PALEMBANG, RMNEWS.ID – Adalah salah yang sangat besar bila aparat penegak hukum malah melanggar kodrat menjadi motivator pelanggar hukum. Dengan dalih apapun perbuatan melanggar hukum yang di lakukan oleh oknum aparat adalah perbuatan yang tidak bisa di maafkan menurut pendapat K MAKI melalui Deputy K MAKI Feri Kurniawan.
“Perbuatan pencurian buah sawit di Lahan Plasma PT SNS di desa Sukamaju Kecamatan Plakat Tinggi Kabupaten Muba harus menjadi atensi fihak Kepolisian karena berdampak buruk kepada moralitas masyarakat”, papar Feri Kurniawan.
“Info yang kami dapatkan adanya oknum aparat yang menjadi koordinator pencuri buah sawit di lahan plasma tersebut”, jelas Feri Kurniawan. “Perbuatan oknum ini sangat merusak mental dan moralitas masyarakat dan berpotensi menciptakan konflik horizontal antara petani plasma”, ujar Feri Kurniawan.
“Yang pastinya akan menjadi contoh sangat buruk karena di duga melibatkan aparat penegak hukum dan akan di ikuti oleh masyarakat lainnya karena seakan legalkan perbuatan melawan hukum”, kata Feri Kurniawan.
“Pantauan di lapangan terkait lahan plasma PT SNS yang dikelola KUD dan PT SNS tidak terjadi persengketaan lahan dan dalam kondisi kondusif”, papar Feri Kurniawan
“Namun suasana kondusif ini berpotensi konflik jika pencurian buah sawit di lahan plasma PT SNS di Desa Suka Maju Kecamatan Plakat Tinggi Kabupaten Musi Banyuasin ini tidak di ungkap”, jelas Feri Kurniawan.

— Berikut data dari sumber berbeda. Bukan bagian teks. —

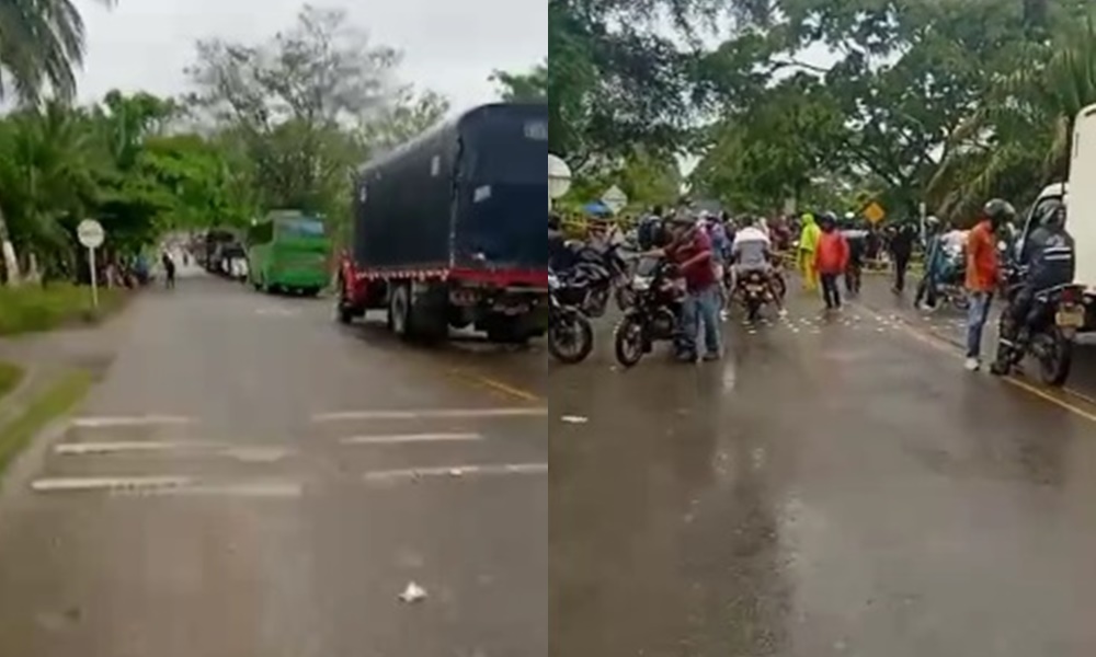 Es de resaltar que, hay un gran trancón vehicular en la zona a causa del bloqueo en la carretera.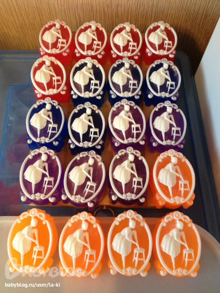 Часть заказа на балеринки. Я тут как то посетовала, что формочки с балеринками как то без дела лежат. Ага. лучше б не вспоминала. Поступил заказ на них. Начинали с 15 штук. в итоге все закончилось 45 (!!!!) штуками. Поэтому часть в одной форме. Ну, а основная часть в другой.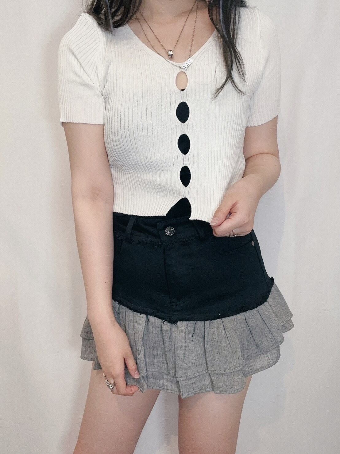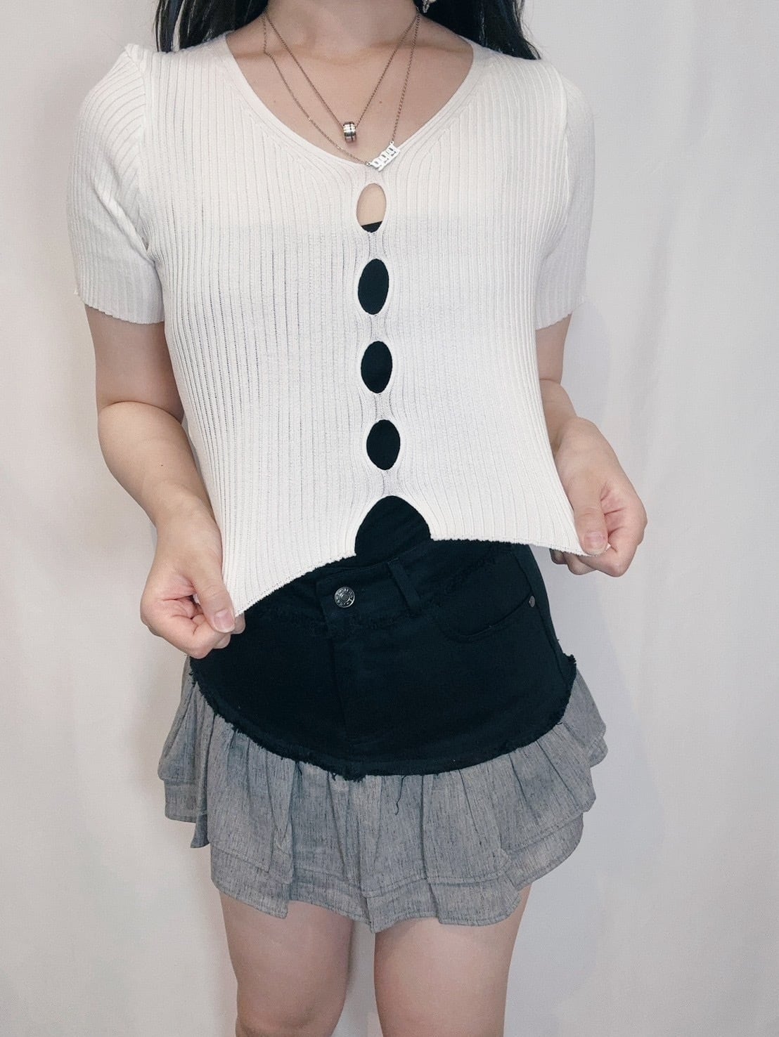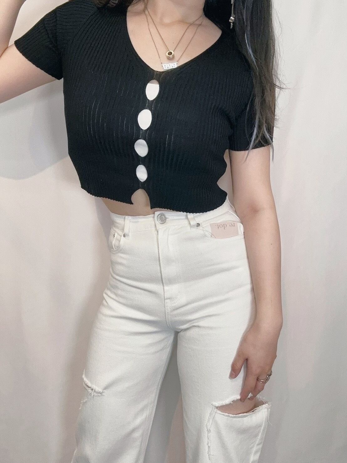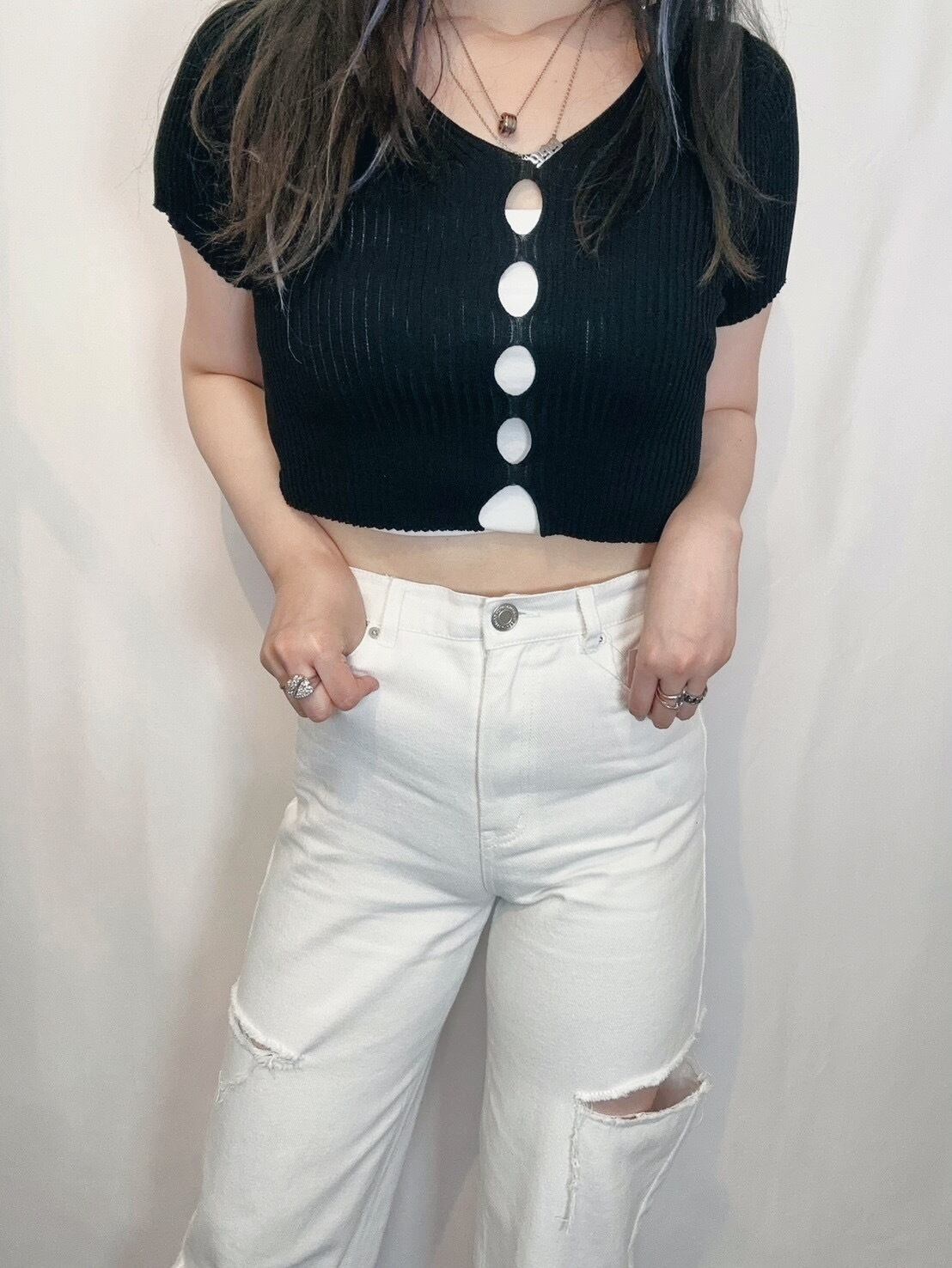 ホールが開いた大人っぽいトップスです。フェミニンスタイルにも,カジュアルスタイルにも合わせやすく、生地もしっかりしているので夏から秋先まで着れる商品です!

“Dan juga harus di ungkap ekspedisi angkutan yang mengangkut buah sawit curian itu serta PPKS yang menadah buah sawit tersebut”, imbuh Feri lebih lanjut.
“Banyak hal yang akan mengungkap bila Kepolisian serius menindak lanjutinya yaitu membersihkan aparat yang berbuat melawan hukum, PPKS yang menjadi penadah buah sawit curian dan jumlah kerugian perbankan serta pajak terkait penjualan buah sawit curian”, pungkas Feri Kurniawan.